** Opening DATA EXTRACTS block **

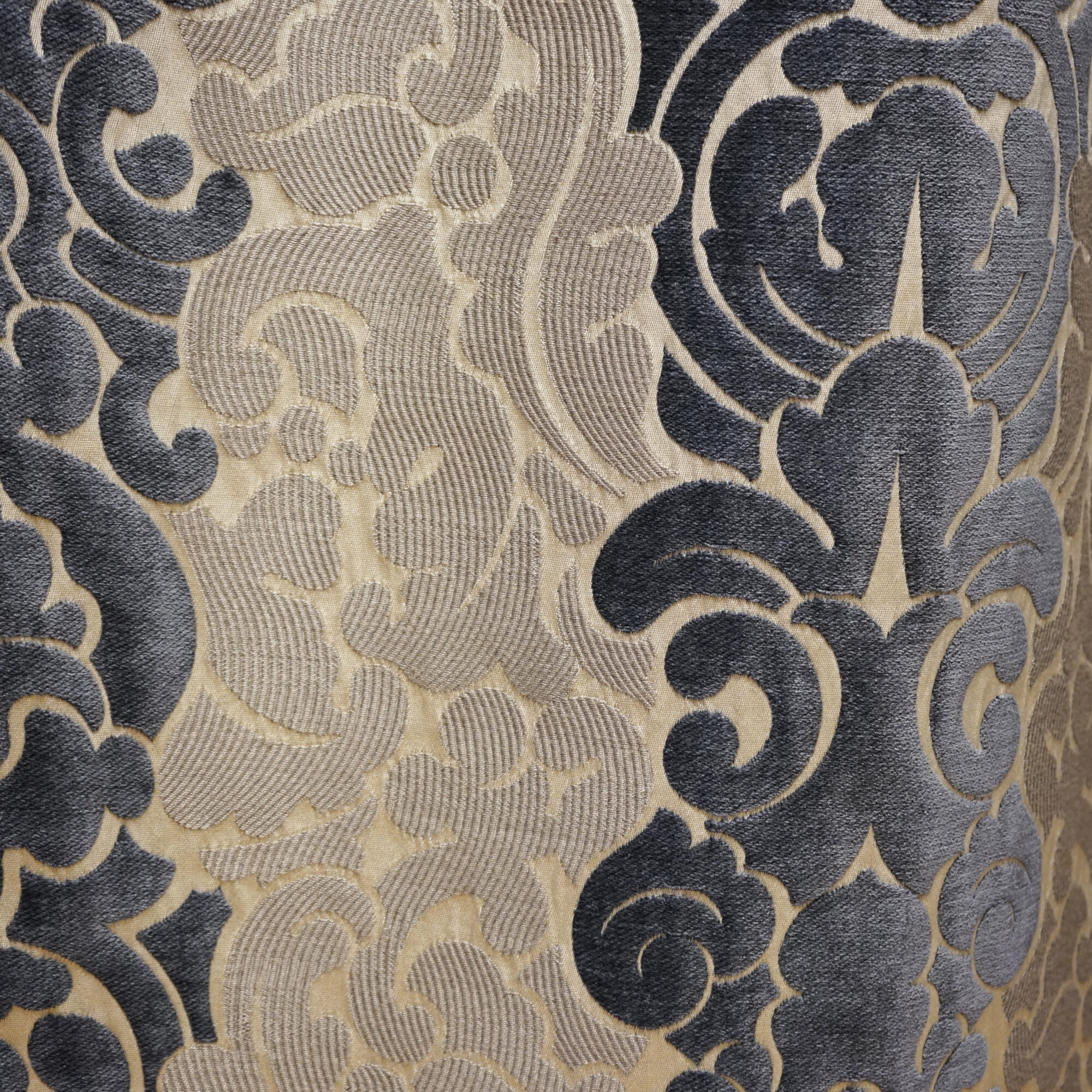 Lucera is a modern spin on a traditional damask striped pattern. This pattern features a velvet damask in a steel gray paired with a woven classic gray damask. Lucera is perfect for drapery and accessory use.
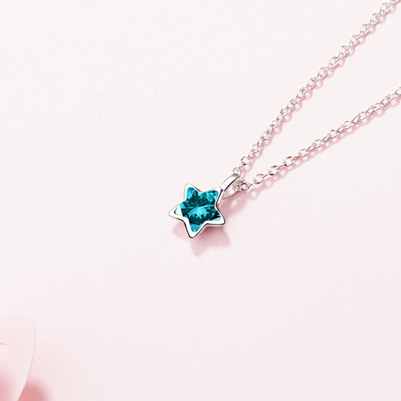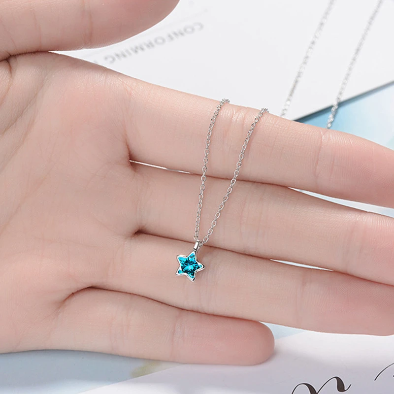 Name: Fashion Simple 925 Sterling Silver Star Necklace Material: Silver 925 Colour: Blue Size: 40+5cm Weight: 5g
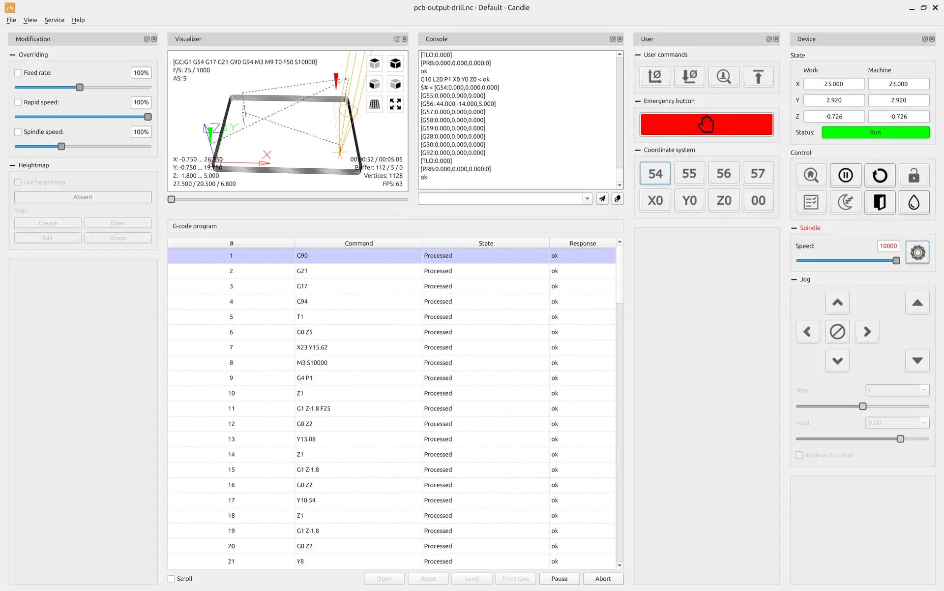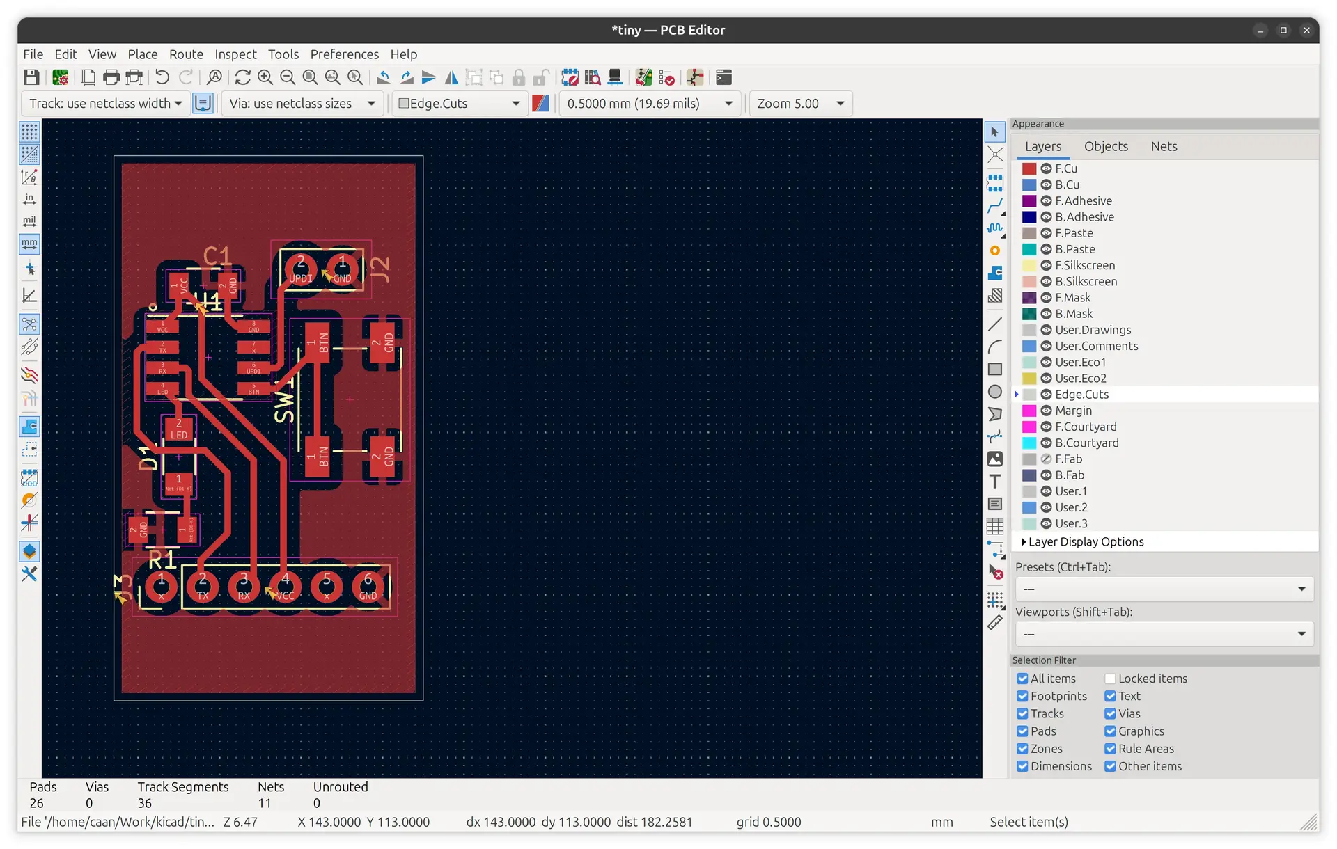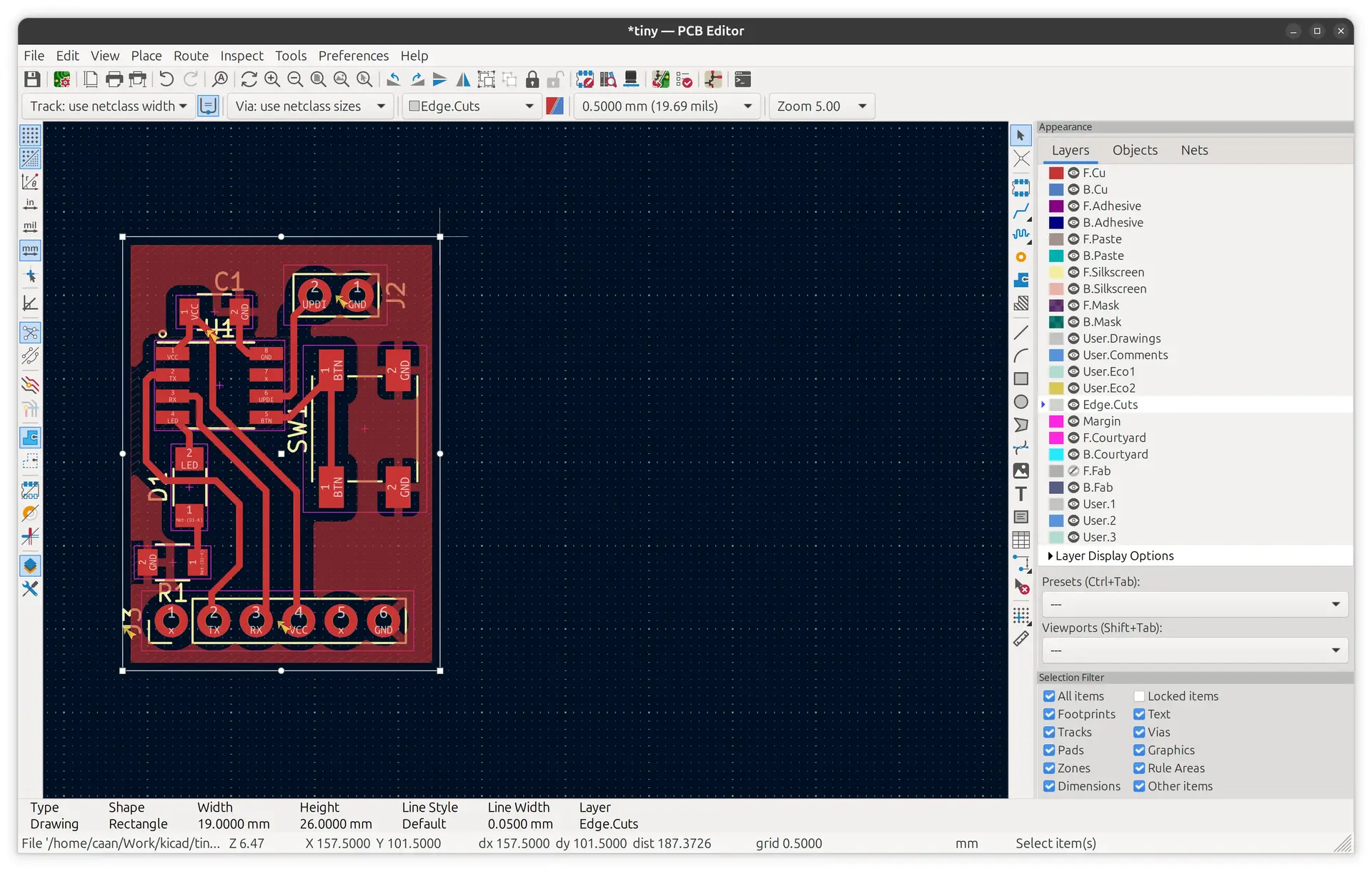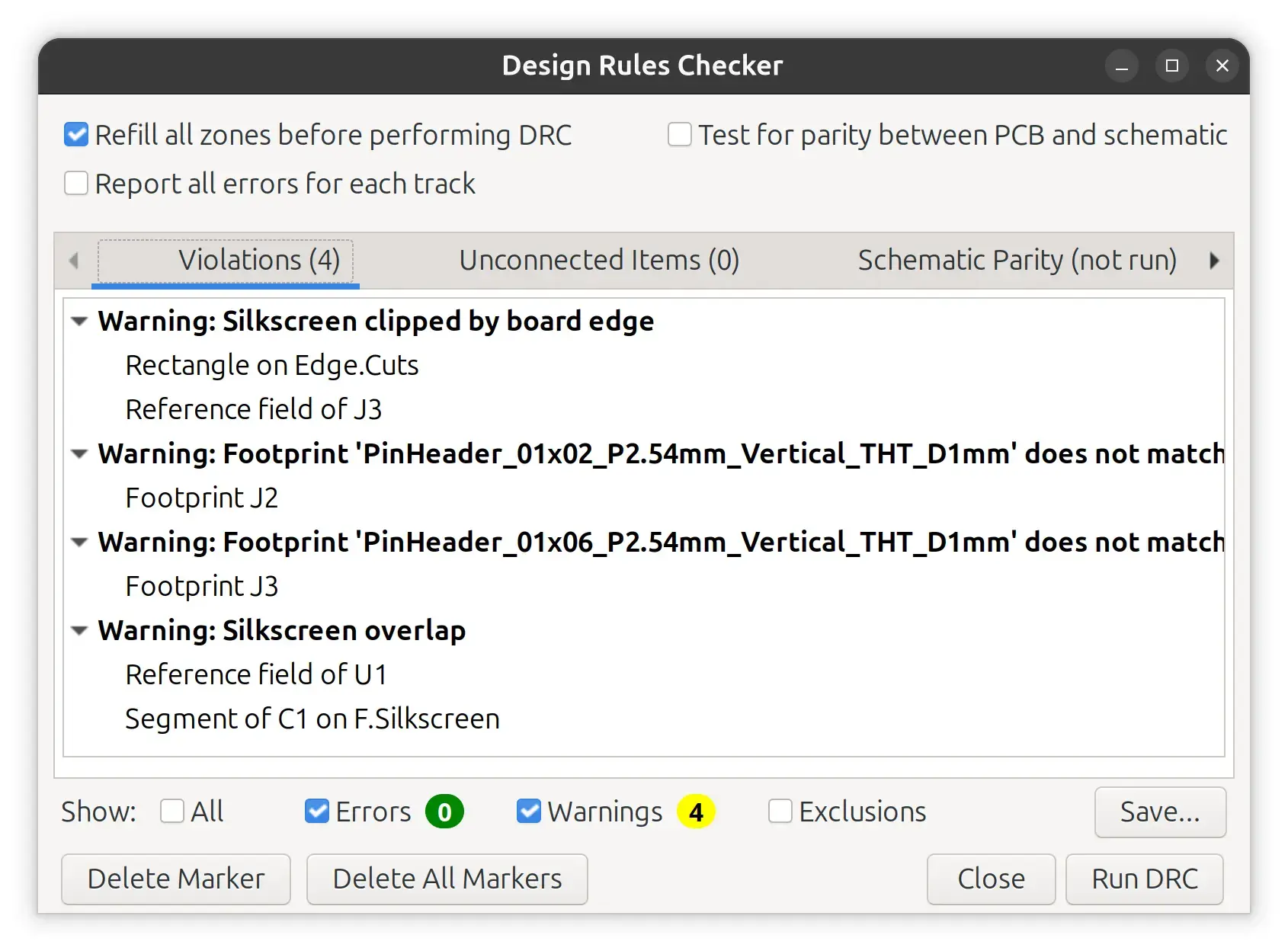 I ran the Design Rules check to make sure everything is OK, and we only have warnigs which are not important for the milling step:
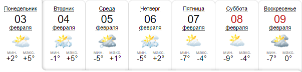 Сайт Gismeteо прогнозирует, что неделя начнется с весенней погоды. Дневная температура 3 февраля - около +2...+5 градусов и дожди сменятся снегом уже в среду-четверг. Самые холодные дни обещают в пятницу и субботу, когда днем будет -4...-5 градусов, а ночью -8....-9 градусов.
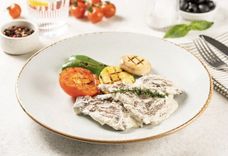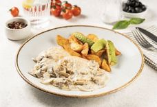 270 г • Паста с шампиньонами и ветчиной в сливочном соусе.
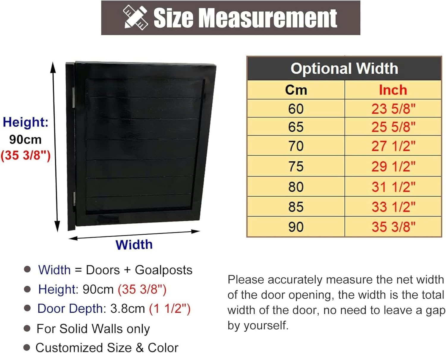 ❁ Our swinging door can be used as a home decor to add a touch of elegance to your life.❁ Package Contents: 1 x Saloon Door1 x Doorpost2 x Hinges (Mounting Hardware Included)❁ Specification:- Material: Solid Wood- Color: Black- Height: 90cm (35 3/8")- Width: Doors + doorpost- Custom Size: Yes- Custom Color: Yes- Process: Handmade, Sanding❁ Feature:- Wooden saloon door gate for long-term use.- Smooth and full surface, no peculiar smell.- Flexible to use, easy installation & cleaning.- Two-way open and automatic rebound.- Decorate your house / divide rooms and spaces.- Customized size and color exclusively for you.- For pubs, living room, balcony, laundry, library, farmhouse.- Suitable for any residential or commercial environments.❁ Please Note:- For the convenience of installation, the size of the door opening should be slightly larger than the total width of the product.- Due to the light and screen difference, the item's color may be slightly different from the pictures.- There may be slightly deviation in dimensions due to manual measurement. Thank you for your understanding.❁ Efficient Customer Service:- In the process of receiving or using the product, if you encounter any problems, please feel free to contact us. We value your comments and offer nice solution for you.
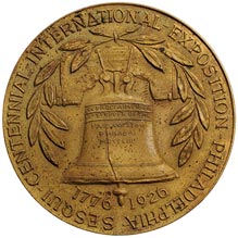 Obv. In upper center, Washington bust, facing r., within 13 stars; below, Philadelphia / 1926 / (Liberty Bell); around, Sesquicentennial-International-Exposition
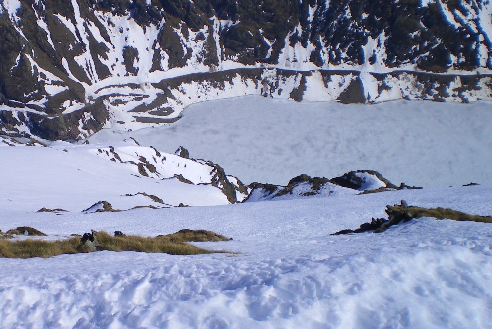Neige très dure le matin, donc une partie faite à pied mais sans crampons,en bas dans la forêt et la raide pente terminale

** Closing DATA EXTRACTS block **

TASK PROMPT:
Retype the lines above exactly as they appear, from the line containing "I ran the Design" through the line containing "Сайт Gismeteо прогнозирует, что", and leave out any pictures.

WRITTEN RESPONSE:
 I ran the Design Rules check to make sure everything is OK, and we only have warnigs which are not important for the milling step:
 Сайт Gismeteо прогнозирует, что неделя начнется с весенней погоды. Дневная температура 3 февраля - около +2...+5 градусов и дожди сменятся снегом уже в среду-четверг. Самые холодные дни обещают в пятницу и субботу, когда днем будет -4...-5 градусов, а ночью -8....-9 градусов.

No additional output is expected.